What I tell you in bed:
Nothing. Only my legs
talk to yours. They beg.

In fifteen words over three lines, Schott connects the trials of a fearful vocation to the needful, intimate communication she longs for with her husband. In a neat, impressive twist she tells a complete story of marriage, aging, and love. Similarly, Betty Lies's And your quaint honour turn to dust traces the sharp turn of a lifetime relationship from the romantic to the mundane, and the terrifying speed with which such changes can occur. In Selkie, Eloise Bruce confronts the aching loss of her mother and the stunning realization that she, too, is aging toward death. Lois Harrod's Venetian Blinds paints a portrait of her body and her lover's in nothing but light, to hauntingly erotic effect.

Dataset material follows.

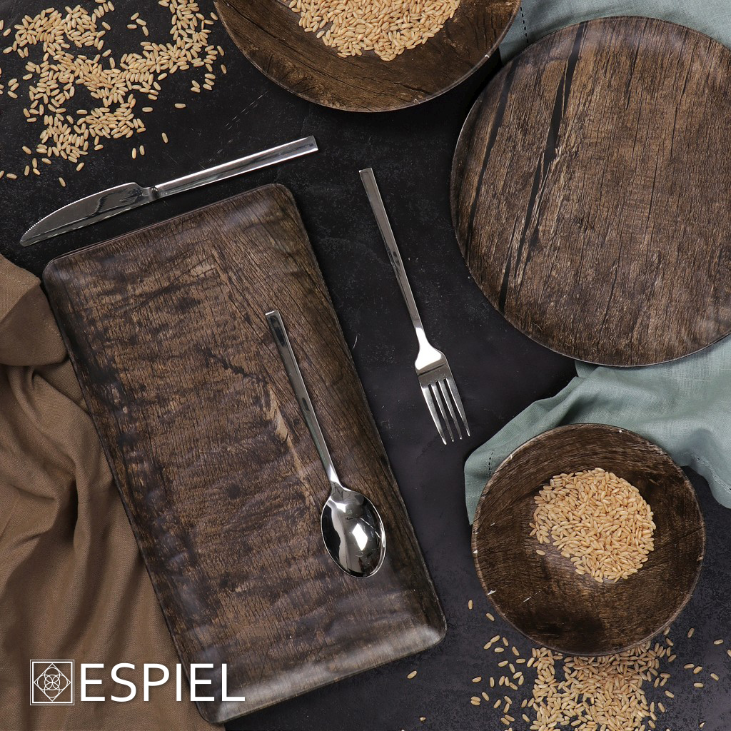 Είδη σερβιρίσματος από μελαμίνη με ιδιαίτερη επιφάνεια σε εφέ ξύλου, προσφέρουν λειτουργικότητα στο σερβίρισμα με την αντοχή τους στην καταπόνηση. Είναι απολύτως ασφαλή στην επαφή με τρόφιμα και κατάλληλα για πλυντήριο πιάτων σε προγράμματα έως 100°C! Κατάλληλο για θερμοκρασίες από -20°C έως +100°C. Να μην έρχεται σε επαφή με υγρά υψηλής οξύτητας. Ακατάλληλο για φούρνο μικροκυμμάτων και για επαφή με φωτιά. – Melamine tableware with wood effect surface, offer functionality at your serving needs with their durability at daily hard use. They are totally safe for contact with food and can be washed in dishwasher machine! Commercial dishwasher safe up to 100°C. Cannot be kept in high acid percentage liquid. Product has to be used between -20°C and 100°C temperatures. Not microwave safe. Cannot be contacted with fire!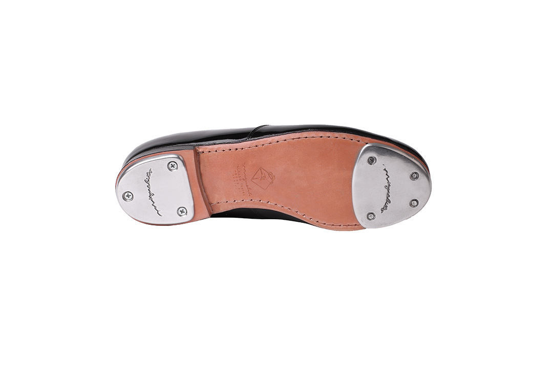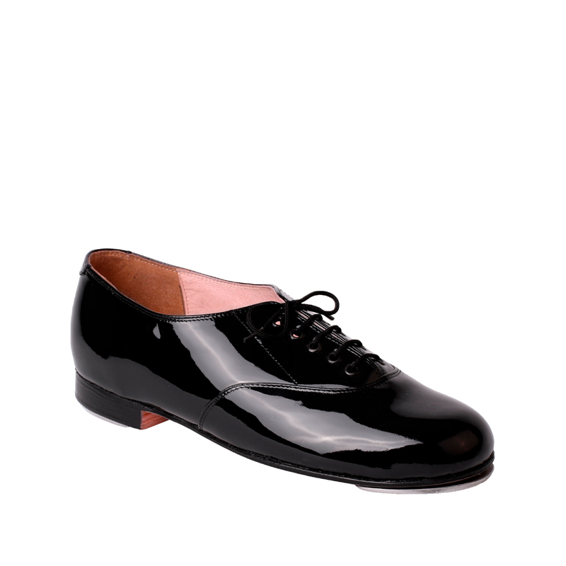 Corte de charol de piel, forro en piel y suela de cuero con tacón de tapas. No incluye taps

A poem often relies on interpretation of its words for its impact, so I freely admit what I drew from these may not be what their authors intended. But the pieces I found most effective are the ones that sketch a simple scene and use it to pull the reader into a greater view of life. One poem that does this with stunning effect is Joyce Lott's What To Do When You Find Out Your Husband Has Cancer:

Although you happen to be Jewish,
pray to St. Catherine of Sienna
who looks into your eyes
from the brick wall of the church
you pass everyday.
And even though you don't know
how you feel anymore
because your "you"
is so tied up with his "he,"
when he asks,
tell him you're fine, just fine;
otherwise, he'll worry
and you certainly don't want him to do that.

These aren't gritty poems of urban life. Rather, they are musings over a wide range of middle-class suburban issues. That doesn't make them any less powerful, and in fact many of them touch on emotions that are universal, even if they're not presented against the context of a city and its diversity. Cool indeed, the women of this anthology are using poems to connect with readers. Though intimate, there's not a self-indulgent item in here. That's particularly refreshing in a time when so much of the poetry written today seems to be about axes in need of grinding or slights that should be put to rest. I'm glad the Cool Women have tagged this book Volume One. I look forward to Volume Two.

Mark Feffer is a founding editor of the Trenton Writes Project.